Secondo gli studi epidemiologici, il consumo frequente di patate è stato associato ad un maggiore rischio di guadagno di peso e all'insorgenza del diabete, ma è possibile che nelle analisi non ci sia stato un controllo metodico sul tipo di cottura.
L'effetto del consumo giornaliero di patate non fritte (una porzione al giorno) è stato determinato, per la prima volta, sui parametri cardiometabolici e confrontato con una quantità isocalorica di cereali.
Nello studio clinico condotto su 50 soggetti sani presso il Department of Nutritional Sciences, University Park in Pennsylvania, un gruppo di pazienti riceveva un contorno di patate, e un altro una porzione di cereali raffinati, preparati entrambi senza eccesso di grassi saturi o sodio per quattro settimane; in questo arco temporale non mangiavano altri amidi.
Al termine della ricerca non venivano osservate differenze nei livelli di glucosio a digiuno, insulino sensibilità, lipidi, pressione arteriosa, rigidità arteriosa e peso corporeo. In aggiunta, il consumo di patate migliorava la qualità della dieta in termini di maggiore introito di potassio e fibre.
Il lavoro è stato pubblicato sulla rivista scientifica British Journal of Nutrition nel gennaio di quest'anno.
Effetto delle patate su insulino sensibilità
Si stima che l'introito giornaliero medio di potassio della popolazione sia pari a 2.277 mg al giorno, al di sotto del livello adeguato (donne: 2.600 mg al giorno; uomini: 3.400 mg al giorno).

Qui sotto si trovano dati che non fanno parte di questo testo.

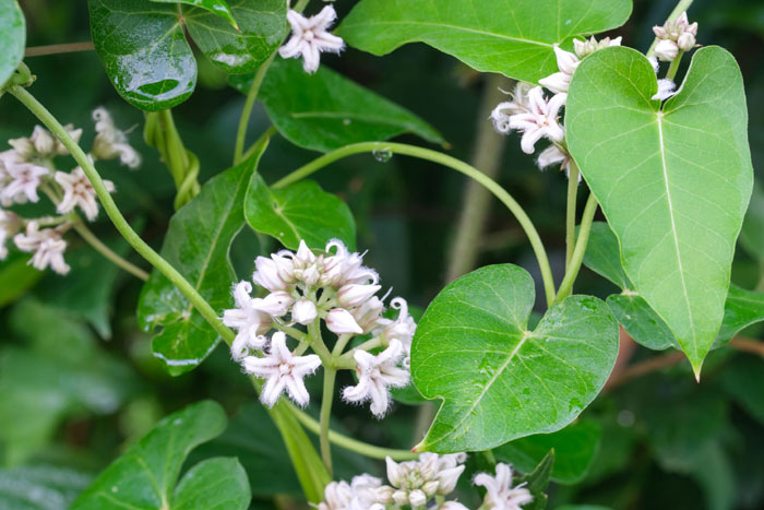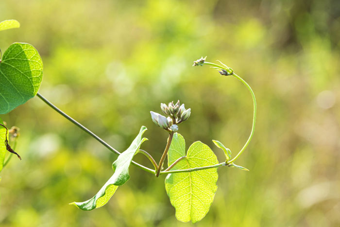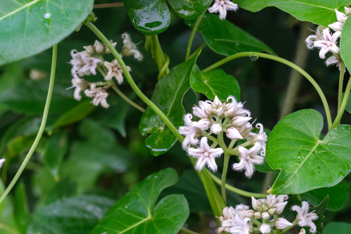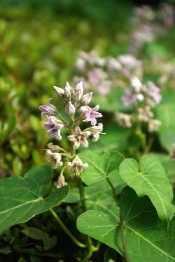 日当りの良い乾いた道端などに生え、ツルで他の植物に左巻きに絡みつく。茎を傷つけると有毒の白い乳液を出す。星形の花の内部に白い毛が密生する。花には甘い芳香がある。葉は対生するハート形。花の直径は約1cmと小さいが、10cmもある大きな袋果をつける。裂開して長い毛をつけた種子が風に舞う。北海道から九州に分布。

Il potassio contenuto nelle patate (800 mg in una patata media) incrementava lievemente la secrezione di insulina e l'insulino sensibilità: 2 gr di potassio al giorno ottimizzavano la funzione pancreatica beta cellulare del 10% e contrastavano l'insulino resistenza anche secondo uno studio precedente.
Il potassio influenzerebbe il potenziale di membrana delle cellule beta del pancreas, accentuando il rilascio di insulina.

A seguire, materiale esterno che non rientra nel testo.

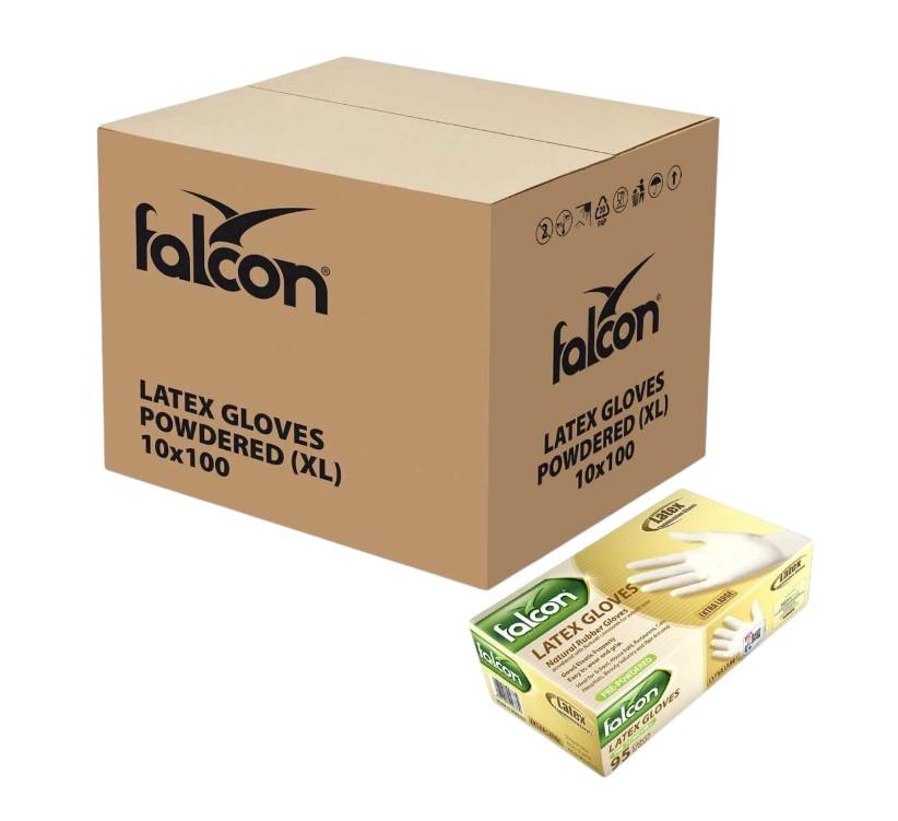 Falcon Latex Gloves Pre-Powdered, Extra Large - 100 pcs

Studio clinico sul consumo di patate
I pazienti reclutati per lo studio, di circa 40 anni, normopeso (BMI 24.5) oltre a non avere ripercussioni sul peso corporeo, non manifestavano conseguenze cardiometaboliche (lipidi, insulina, indice HOMA di insulino resistenza o PCR, marker di infiammazione vascolare e pressione arteriosa), modifiche nella fruttosamina, marker del controllo glicemico a lungo termine o alterazioni del parametro PWV (pulse wave velocity), marcatore della rigidità delle arterie, predittore degli eventi cardiovascolari.
Per un mese assumevano tutti i giorni una patata media non pelata, cotta al forno o al vapore (200 kcal con 879 mg di potassio, 3.6 gr di fibre, 6.2 gr di proteine, 37 gr di carboidrati, 228 mg di sodio) oppure una porzione di cereali come pane, pasta o riso, orzo e cous cous, sempre 200 kcal (con 119 mg di potassio, 1.5 gr di fibre e 6.0 gr di proteine, 34 gr di carboidrati, 236 mg di sodio).

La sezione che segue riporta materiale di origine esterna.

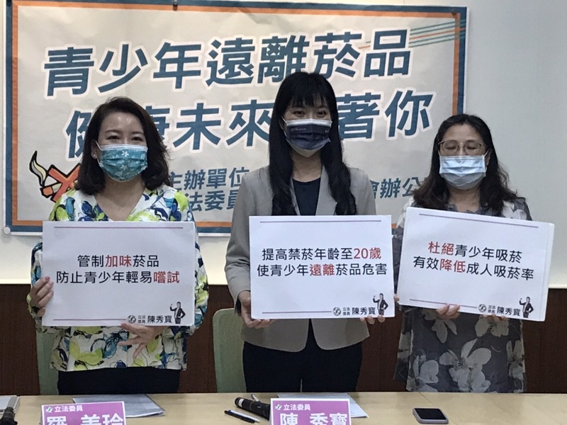 【台灣醒報記者簡嘉佑台北報導】禁菸年齡應提高至20歲,並增加菸品警示圖文面積!立委陳秀寳15日記者會指出,超過78%的吸菸者在20歲前就開始抽菸,但因青少年大腦仍處於發展階段,易受尼古丁影響而上癮。同時,立委羅美玲表示,加味菸以其他香味掩蓋菸味,而導致青少年更願意嘗試吸菸,故應針對加味菸予以規範。

Inoltre, l'assunzione di patate introduceva una buona quota del potassio raccomandato e contrastava, quindi, le malattie cardiovascolari a lungo termine.
L'inserimento abituale di patate nella dieta come fonte di potassio è anche sostenuto dalle ultime linee guida relative alla prevenzione e gestione della pressione alta.